Meta–analysis of 25 articles. The validation studies assessing the DILI detection algorithms reported PPVs that ranged from 1.0% to 40.2%. There was evidence of heterogeneity across studies (I[2] = 98.6%, P < .001). The PPV of the algorithms that combined diagnosis codes with laboratory criteria (n = 13) ranged from 1.0% to 29.1% whereas the PPV of the algorithms that did use laboratory criteria alone (n = 12) ranged from 3.1% to 40.2% (Figure 3). The most commonly used liver enzyme test criteria was alanine aminotransferase (ALT), reported in all except one study, which measured bilirubin alone.[41] Studies that specified drugs of interest (n = 13) had PPV ranging from 1.0% to 40.2% whereas studies that did not select cases based on drug class (n = 12) had PPV ranging from 3.7% to 28.2% (Figure 4).

Figure 3.

Forest plot of positive predictive values of detection algorithms by laboratory and/or diagnosis code criteria (n = 25)*. *Study by Udo et al had various algorithms ranging from 22% to 48%. However, data for unique number of patients per algorithm is unavailable, hence the overall number of DILI cases over the number of unique medical records reviewed was reported

Figure 4.

Forest plot of positive predictive values of detection algorithms by specification of study drug (n = 25)

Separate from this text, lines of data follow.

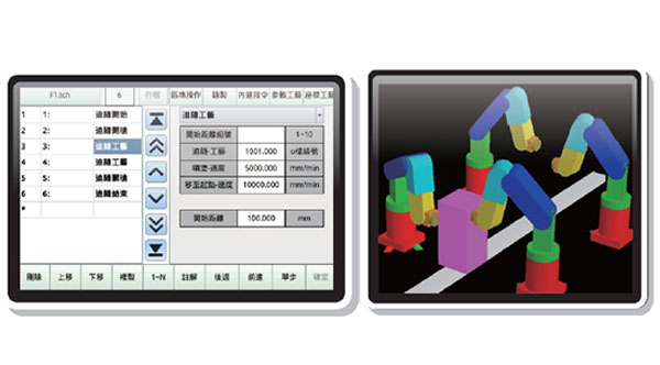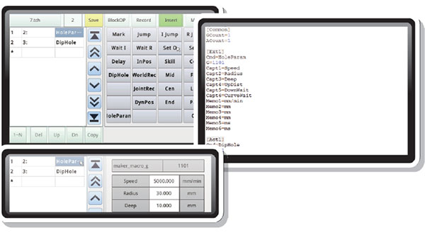 Apply to "program export" function to integrate"teach-ing program", "templates", " matrix" and "NC file" in the same program for operation, or according to requirement to write G code by Macro language.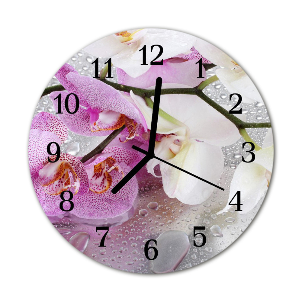 Ceas de perete din sticla rotund Orchid Flori și plante roz fi 30 cm Negru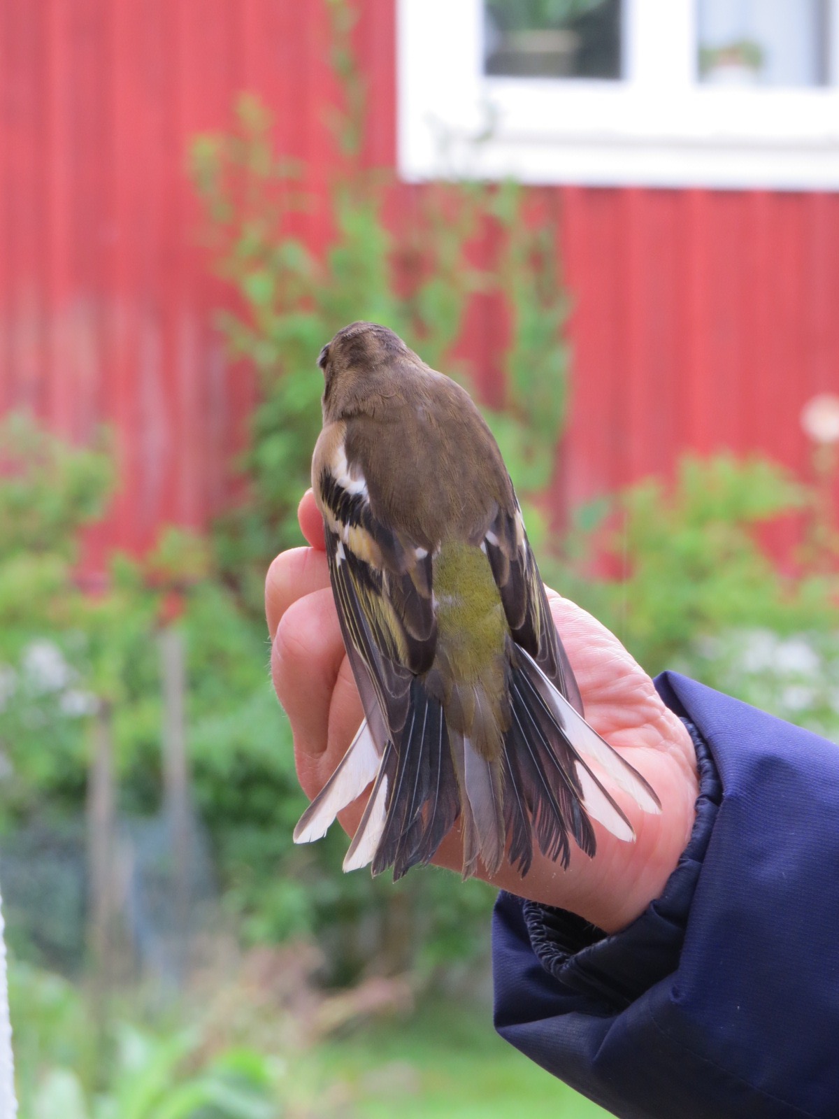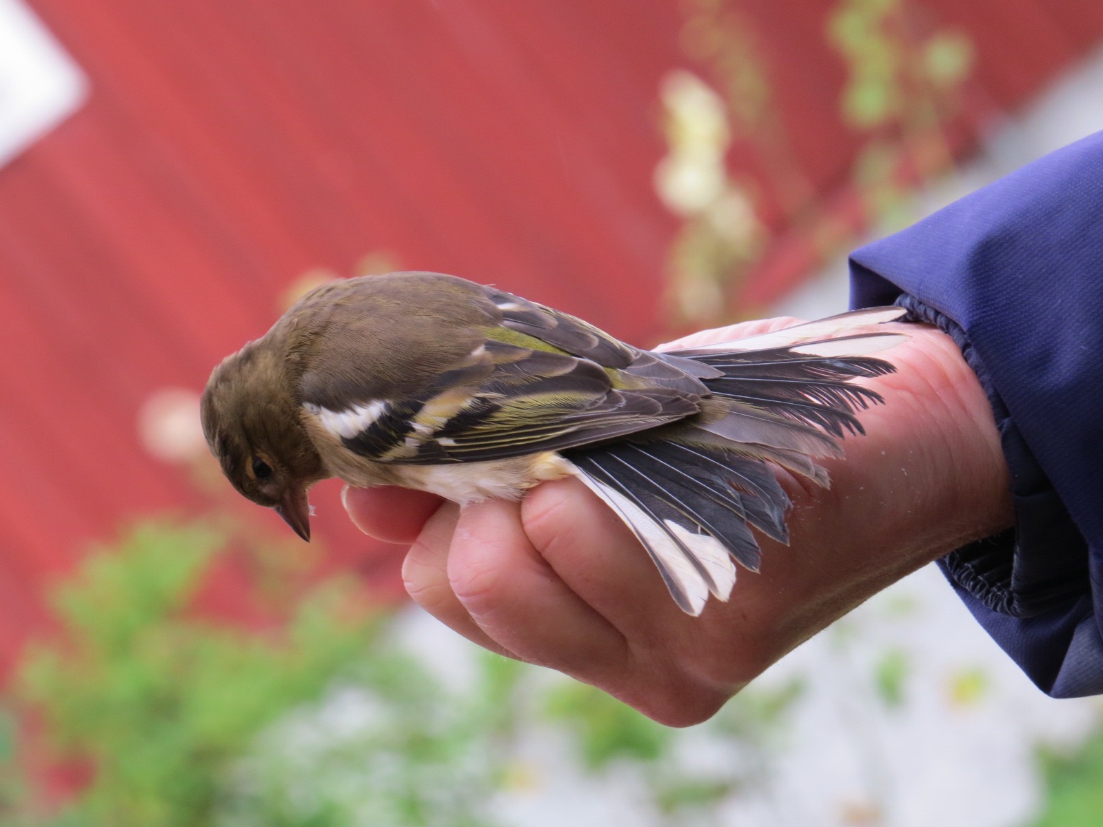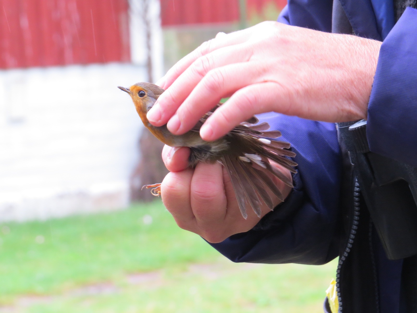 We attended a ringing demonstration at the Falsterbo Fågelstation. Karin, a volunteer at the observatory located at the Falsterbo fyr (lighthouse) also works there, reporting the weather every three hours. She has a molting Robin (Erithacus rubecula), or Rödhake in hand.

The overall PPV estimate of detection algorithms was low (14.6%, 95% CI: 10.7–18.9). Combining diagnosis codes with laboratory criteria marginally improved the pooled PPV estimate (14.9% vs 14.3%, P = .837). Studies that prespecified drugs of interest generally had higher PPV than studies which did not do so (17.7% vs 11.6%, P = .053). There was no significant difference in PPV between studies that validated ALI and those that validated DILI (13.4% vs 15.3%, P = .537) (Figure 5).

Figure 5.

Forest plot of positive predictive values of detection algorithms by validation of ALI vs DILI (n = 25)

The subgroup that prespecified drugs of interest was further analysed. For better comparison across studies, studies were excluded if the biochemical criteria was for severe DILI, such as Hy's Law, and ALT more than 10 times ULN. Furthermore, if exclusion diagnoses were specified in the algorithm, and the number of liver–related diagnosis codes for inclusion criteria were <20, the pooled estimate for PPV of these eight studies was 22.6% (95% CI: 14.9–31.3) (Data S3). We performed additional subgroup analysis according to types of databases (integrated health plan, primary care, and hospital–based databases) but did not find any evidence of difference in the PPV between these three groups (Data S4). The PPV for health plan, primary care and hospital–based databases were 12.9%, 13.3% and 16.3% respectively. Similarly, stratification by disease dictionary used showed that studies which used OXMIS codes had slightly higher PPV than studies which used ICD codes (16.4% vs 14.2%, P = .408) (Data S5). This is possibly attributed to the higher granularity of OXMIS codes.